Больше всего на Павла направлено внимание этой компании, но они деятельно следят положительно за всем, что творится при дворе, особенно вблизи самой Екатерины. Зубов пока держится в стороне. Но он что-то почуял и словно озирается тревожно порою, как бы ища опоры и сочувствия со стороны окружающих.
Обычно нет наглее и заносчивее человека при дворе, чем этот фаворит, двадцатишестилетний друг сердца женщины, прожившей на свете более шестидесяти трех лет.
Но когда он порой вспомнит об этой пугающей цифре, приглядится к ликующему сейчас, но уже словно тронутому тлением лицу Екатерины, когда видит ее усталое от жизни и от наслаждений тело, замечает смертельную усталость физическую и духовную, которую так хорошо умеет скрывать от целого мира эта многолетняя чаровница, уловительница людей…
Когда он вспоминает все это, холод охватывает мелкой дрожью выхоленное, начинающее обволакиваться жиром тело наложника.
Что ждет его, если внезапно грянет удар?

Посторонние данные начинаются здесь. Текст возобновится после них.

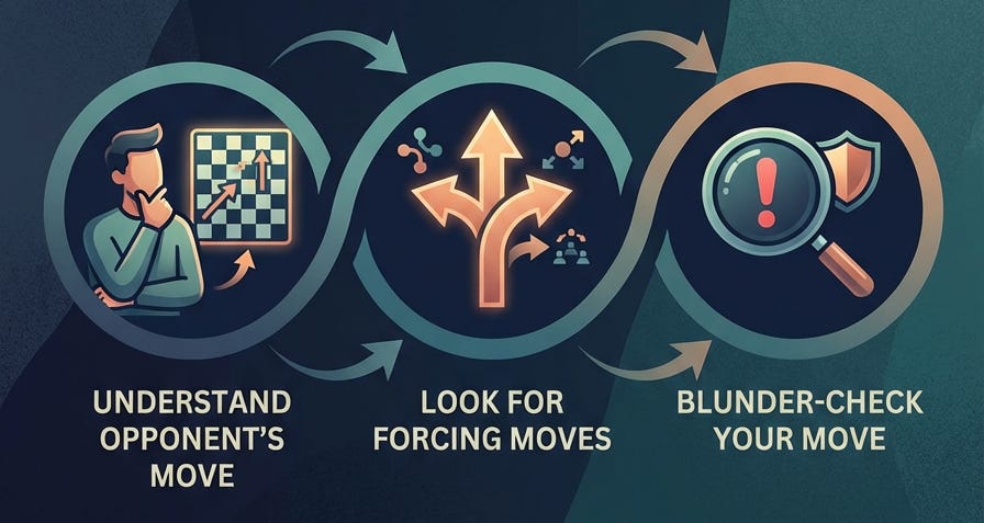 When you practice this process outside of games, especially while solving tactics, it becomes automatic. You stop consciously running through steps. You simply notice threats, forcing moves, and danger immediately.

И даже неизвестно, перед кем надо поклониться заранее. К кому забежать? В апартаменты новобрачных, как говорят все, начиная с самой державной бабушки? Или туда, в темную Гатчину? Кто знает? Вопрос не выяснен. Екатерина колеблется. Отношение Александра к отцу – загадочно и для самой императрицы, не говоря о других…
И по логике вещей Зубов, пока еще никем не втянутый в игру, сам невольно подошел к черте, которая привела вышеперечисленную группу сообщников к целому ряду потайных выпадов и шагов.

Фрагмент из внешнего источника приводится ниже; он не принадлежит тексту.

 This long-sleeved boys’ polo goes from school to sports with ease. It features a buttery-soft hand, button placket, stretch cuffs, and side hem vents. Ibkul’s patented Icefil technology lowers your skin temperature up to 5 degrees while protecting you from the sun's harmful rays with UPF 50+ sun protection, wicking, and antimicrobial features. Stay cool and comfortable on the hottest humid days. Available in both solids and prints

Нарыв лучше взрезать по собственной воле и скорее, теперь же, чтобы потом, прорвавшись самостоятельно и неожиданно, он не отравил потоком гноя многим и многим все их существование, всю жизнь!
К операции этой союзники приступили осторожно, издалека, начав с Павла, самого впечатлительного, способного по натуре довериться злейшему врагу, если тот прикроет себя хотя бы полупрозрачной личиной преданности, пропитает ядовитые наветы ароматом угодливости раба.

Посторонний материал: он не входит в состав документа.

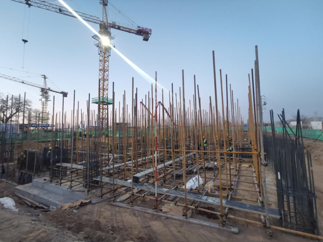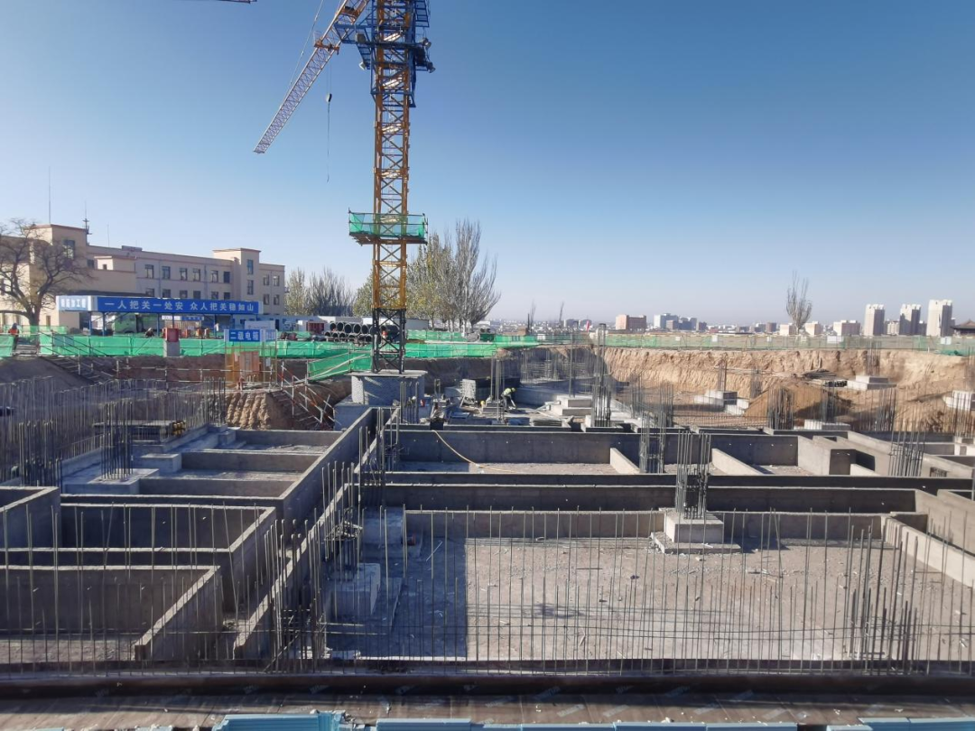 (综合一号楼地下基础完工)
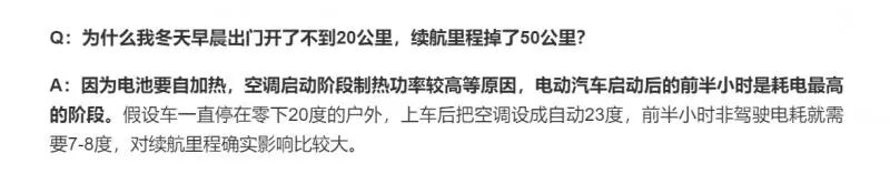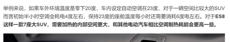 電池自加熱系統耗電蔚來官方公布:因為電池要自加熱,空調啟動階段制熱功率較高等原因,電動汽車啟動後的前半小時是耗電最高的階段。假設車一直停在零下20度的戶外,上車後把空調設成自動23度,前半小時非駕駛電耗就需要7-8度,對續航里程確實影響比較大。
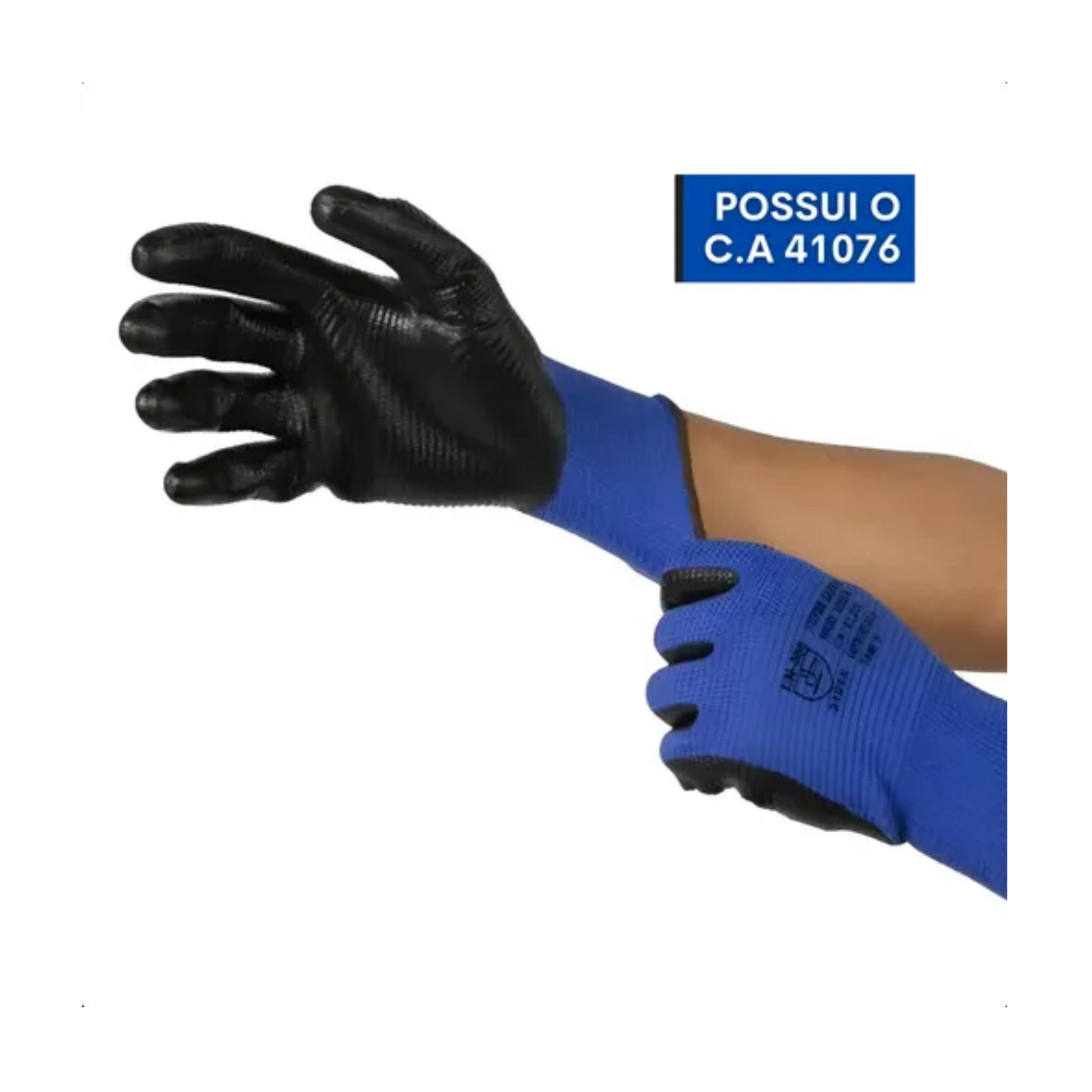 - Acabamento: Borracha nitrílica palma/ponta dos dedos
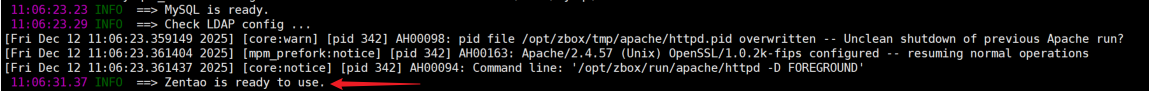 4.再次查看容器日志,容器有输出"Zentao is ready to use.",并且web可正常访问,那么问题支持就解决了
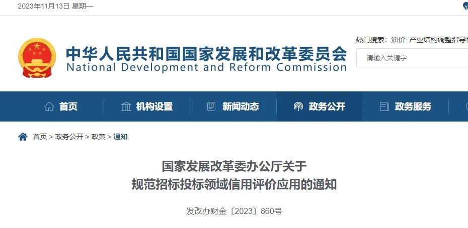 國家發(fā)改委:不得以信用評價評分等方式變相設(shè)立招投標交易壁壘
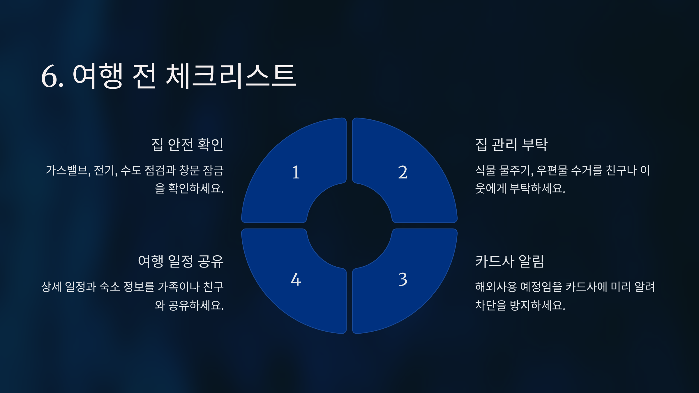 ✔ 비자: 여행 국가의 입국 규정을 확인하고, 비자가 필요한 경우 미리 준비하세요.

С разных сторон – именно под личиной дружбы и расположения – стали нашептывать Павлу о состоявшемся будто бы решении Екатерины не только отстранить его от престола, но даже и удалить куда-нибудь в надежное место, вроде замка Лоде, а трон и власть, чуть ли не при жизни еще, передать Александру.
Эти вести покоя не дают цесаревичу.
Плохо спит он всегда по ночам. А теперь и вовсе сна почти лишился. Ляжет далеко за полночь. А в четыре часа уже на ногах, как всегда… Молчит, думает, губы кусает. И только худеет быстро…
Как раз накануне венчанья, поднявшись чуть не до зари, размашисто шагал своим учебным шагом по кабинету Павел, бормотал порою невнятное что-то, не то жалобу, не то глухое проклятие… Это присуще цесаревичу, как многим людям, живущим в продолжительном одиночестве.
Но время от времени он поглядывает на дверь, словно ожидая кого-то.
Легкий стук.
– Войдите! – крикнул Павел.
Без доклада, очевидно по данному заранее распоряжению, вошел Эстергази.
После первых приветствий и обычных любезных фраз гость круто приступил к делу.
– Вы не взыщите, ваше высочество! Мы знакомы уж не первый год. Еще в те счастливые времена, когда ваше высочество со своей очаровательной принцессой явились к нам на берега Сены. Граф и графиня Северные! Кхм… И мы увидали, что темный, холодный Север хранит не одних белых медведей и хищных орлиц, но имеет такого принца… такую принцессу… Вы поняли меня, принц? Я старый рубака, грубый солдат. Не умею говорить сладких слов. Но тогда еще два облика запали мне в эту грудь, пробитую пулями в десяти боях, израненную саблями врагов. И с той поры я вечный друг ваш и верный раб!
– О, верю, верю, граф! Тем более что вам сейчас нет и выгоды… я так бессилен…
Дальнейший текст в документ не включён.